- _Task description_
Type out all the records word for word. Any pictures are to be left out.

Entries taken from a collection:
+++

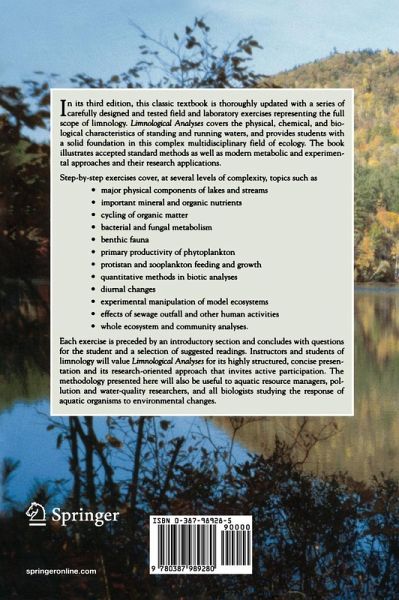 In this thoroughly updated third edition, the authors provide a series of carefully designed and tested field and laboratory exercises that represent the full scope of limnology. In using the text, students will gain a solid foundation in this complex, multidisciplinary field of ecology as they explore the physical, chemical, and biological characteristics of standing and running waters. The book illustrates accepted standard methods as well as modern metabolic and experimental approaches and their research applications. Each exercise is preceded by an introductory section and concludes with questions for students as well as suggestions for further reading. As a textbook, this is a highly structured, concise presentation with a research-oriented approach that openly invites active participation by students.
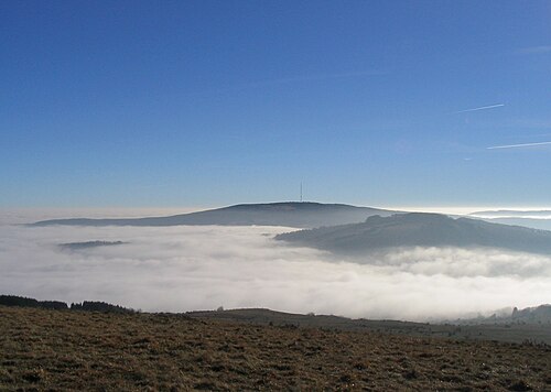 | Een capping inversie beperkt de verticale ontwikkeling van wolken. In deze afbeelding, genomen nabij Kreuzberg (Rhön), bevindt de inversie zich onder de top van de bergtoppen. |
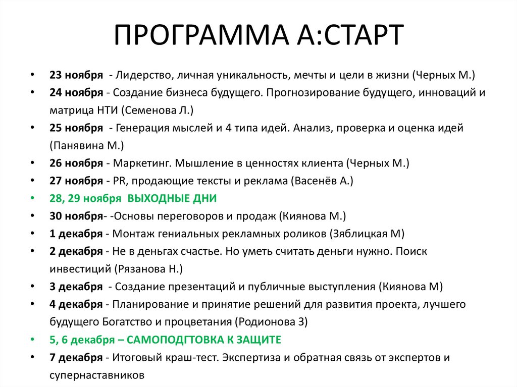 ПРОГРАММА А:СТАРТ23 ноября - Лидерство, личная уникальность, мечты и цели в жизни (Черных М.)
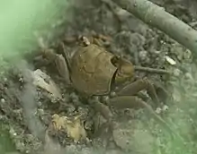While the wharf crab is often deemed a detritivore, it is highly omnivorous and will supplement a detritus diet with microscopic insects and invertebrates.[8] In mangrove habitats wharf crabs are a key component as omnivores in the food chain, they serve as carnivores, herbivores, and detritivores.[6] Some examples of what the wharf crab would eat in a Mangrove habitat include, insects, partially decomposed Avicennia (Black Mangrove), and leaves from Mangroves or other maritime vegetation.[6] When feeding on plant matter wharf crabs will prioritize softer plants over plants with a tougher exterior.[9] When both plant and animal food sources are readily available the wharf crab will choose the animal prey.[6] The diet of Armases cinereum coincides directly with the environment in which it is found and what the prominent food availability is in that environment. Consequently, this diverse diet also allows the species to live at relatively high population densities across a large margin of coastal ecosystems.[6]
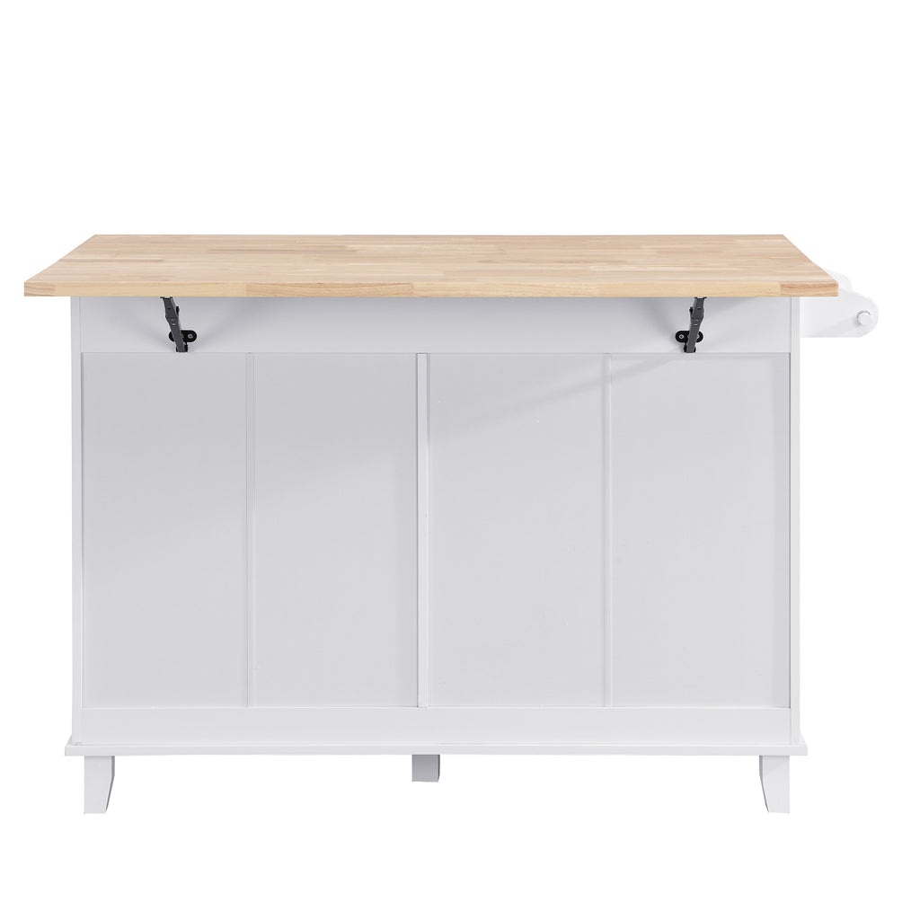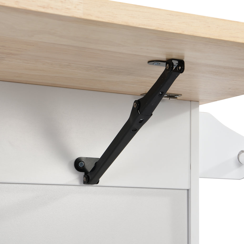 - [Rubber Wood Tabletop with Drop Leaf] Featured with water and stain-resistant, rubberwood is always the first choice for an island top. Designed with a large countertop with drop leaf, you can fold down the side when not in use or open it to provides ample space for easily cooking.
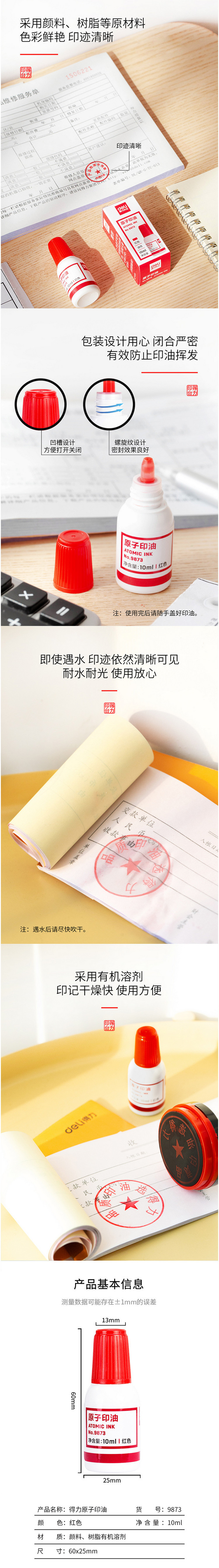 商品名称:得力(deli)9873 原子印油 10ml/瓶 单瓶 红色

+++

- _Written response_
 In this thoroughly updated third edition, the authors provide a series of carefully designed and tested field and laboratory exercises that represent the full scope of limnology. In using the text, students will gain a solid foundation in this complex, multidisciplinary field of ecology as they explore the physical, chemical, and biological characteristics of standing and running waters. The book illustrates accepted standard methods as well as modern metabolic and experimental approaches and their research applications. Each exercise is preceded by an introductory section and concludes with questions for students as well as suggestions for further reading. As a textbook, this is a highly structured, concise presentation with a research-oriented approach that openly invites active participation by students.
 | Een capping inversie beperkt de verticale ontwikkeling van wolken. In deze afbeelding, genomen nabij Kreuzberg (Rhön), bevindt de inversie zich onder de top van de bergtoppen. |
 ПРОГРАММА А:СТАРТ23 ноября - Лидерство, личная уникальность, мечты и цели в жизни (Черных М.)
While the wharf crab is often deemed a detritivore, it is highly omnivorous and will supplement a detritus diet with microscopic insects and invertebrates.[8] In mangrove habitats wharf crabs are a key component as omnivores in the food chain, they serve as carnivores, herbivores, and detritivores.[6] Some examples of what the wharf crab would eat in a Mangrove habitat include, insects, partially decomposed Avicennia (Black Mangrove), and leaves from Mangroves or other maritime vegetation.[6] When feeding on plant matter wharf crabs will prioritize softer plants over plants with a tougher exterior.[9] When both plant and animal food sources are readily available the wharf crab will choose the animal prey.[6] The diet of Armases cinereum coincides directly with the environment in which it is found and what the prominent food availability is in that environment. Consequently, this diverse diet also allows the species to live at relatively high population densities across a large margin of coastal ecosystems.[6]
 - [Rubber Wood Tabletop with Drop Leaf] Featured with water and stain-resistant, rubberwood is always the first choice for an island top. Designed with a large countertop with drop leaf, you can fold down the side when not in use or open it to provides ample space for easily cooking.
 商品名称:得力(deli)9873 原子印油 10ml/瓶 单瓶 红色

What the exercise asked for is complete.